Isn't it a pity that someone didn't take those eight different words and apply them individually to eight subtly different uses of the verbal technique, thus giving them more importance and meaning? No AKAs needed! It would have legitimized them all.
Instead most of those poor neglected words, the bastards, will probably disappear from our language completely, only manifesting to us when and if we are sixty-eight years of age or rhetorical scholars, if at all.
Or in Wikipedia articles.
It's a crying shame.
February 3, 2016
Madison, IN
Men are traditionally seen as really wanting a son. Is that the compulsion of the Y chromosome, which is replicated from father to son?
What about mitochondrial DNA, which is passed from the mother to children of both sexes, but only passed on to grandchildren through daughters? We don't hear so much in literature or history about women passionately determined to have daughters.
Is that because mitochondrial DNA originally came into our cells via microbes from the outside?
Now, a year after my latter of two DNA tests, I have realized my mother's mitochondrial DNA, the DNA that has gone consistently from mother to daughter through millennia of generations, may have ended with my mother's granddaughters. Sure, one of them may yet have a daughter, but that is beginning to seem increasingly unlikely.
I think that's rather sad.
What an unintended (and kind of silly!) consequence of taking a DNA test.
P.S. a few days later, I am reminded that there were seven women who provided all the mitochondrial DNA that women in the world today. So I have a lot of "sisters."
*Trash Three Brazilian boys surviving by combing the Rio city dump are thrown into the middle of a nasty situation involving a local politician. Kind of loosey-goosey but the film comes off in the end.
February 2, 2016
Madison, IN
The Internet information highway is definitely a mixed bag.

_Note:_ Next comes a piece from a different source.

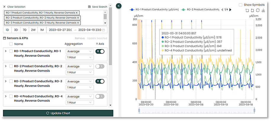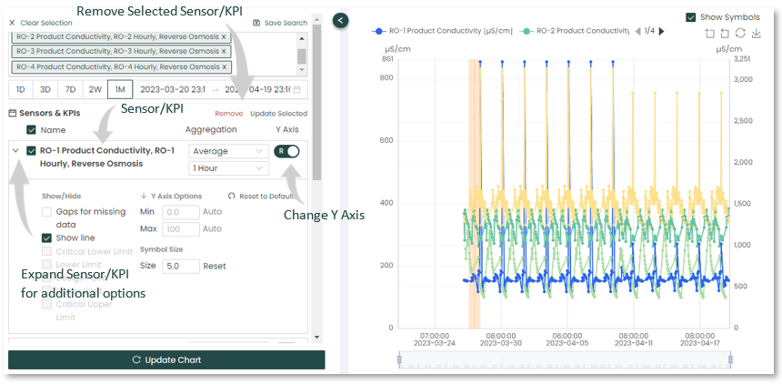 This section allows the user to see what sensors and KPIs will included on the interactive graph and gives the option of choosing different y-axis per sensor.

Sure, a wealth of fact is available, but sometimes you need to know a technical buzzword to have the magical " open, sesame!"

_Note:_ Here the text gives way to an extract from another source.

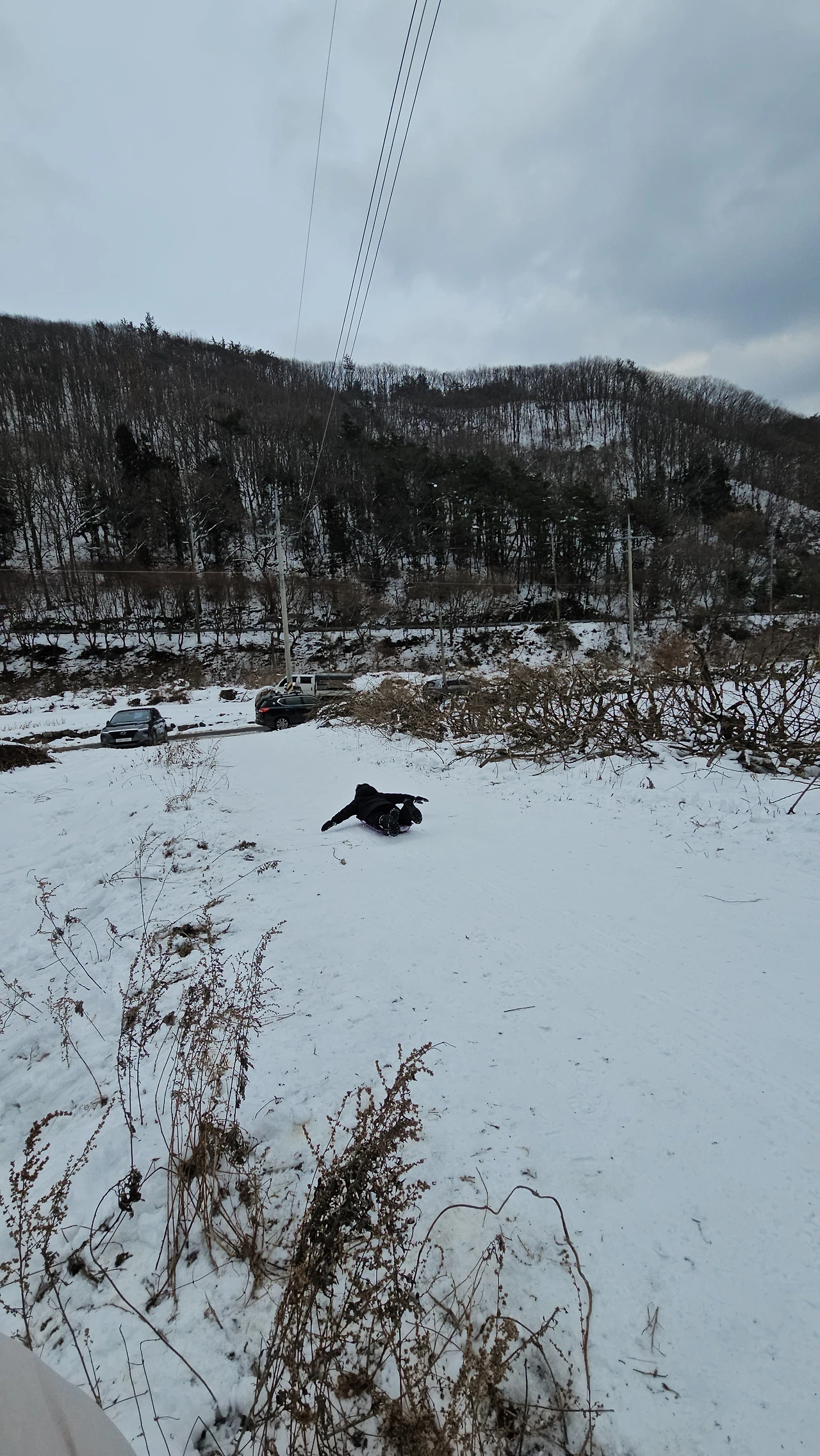 눈이 며칠 동안 펑펑 오고 며칠이 지난 뒤, 같은 학교 학부모의 집 근처로 눈썰매를 타러 다녀왔다.

Sometimes the specific fact you want just doesn't seem to be available (e.g. today we are trying to find out the number of Democratic voters in Iowa 2012 caucuses and can't find credible numbers.)
The "facts" as listed on one day may be different from "facts" at the same site on another day. Of course efforts to increase accuracy and precision are appreciated but the disappearance of data and statistics might just as well be due to a desire to hide or obfuscate them.
The truth on the information highway, unfortunately, might often come in the form of roadkill.
*Swordfish To tell the truth, some of the transitions lost me, but not my partner. Good thing we can pause and restart here at home. Still, in spite of my obvious inferiority in understanding I think it would probably be considered great entertainment by teenage boys. Not by me. Action-packed, I grant. Fun in a bloody brutal kind of way.
February 1, 2016
Madison, IN
My partner is, as soon as possible, cutting back on his hours at work again.
Folks at work say, "But what are you going to do?"
He answers, "What do you do on your days off? I'm going to have more days off."
He thinks, "Oh, I don't know. Start checking out nursing homes, funeral parlors, cemeteries...."
Ha, ha, ha, ha, ha!
Talk about deadpan humor.
*Contre Enquete Oh, we promise you twists and turns in this police procedural - or whatever.
Highlighting below unintentional. When will I ever learn?
*Straight Time The anti-hero in 1978 perhaps hit a new low. Young Dustin Hoffman and other familiar faces.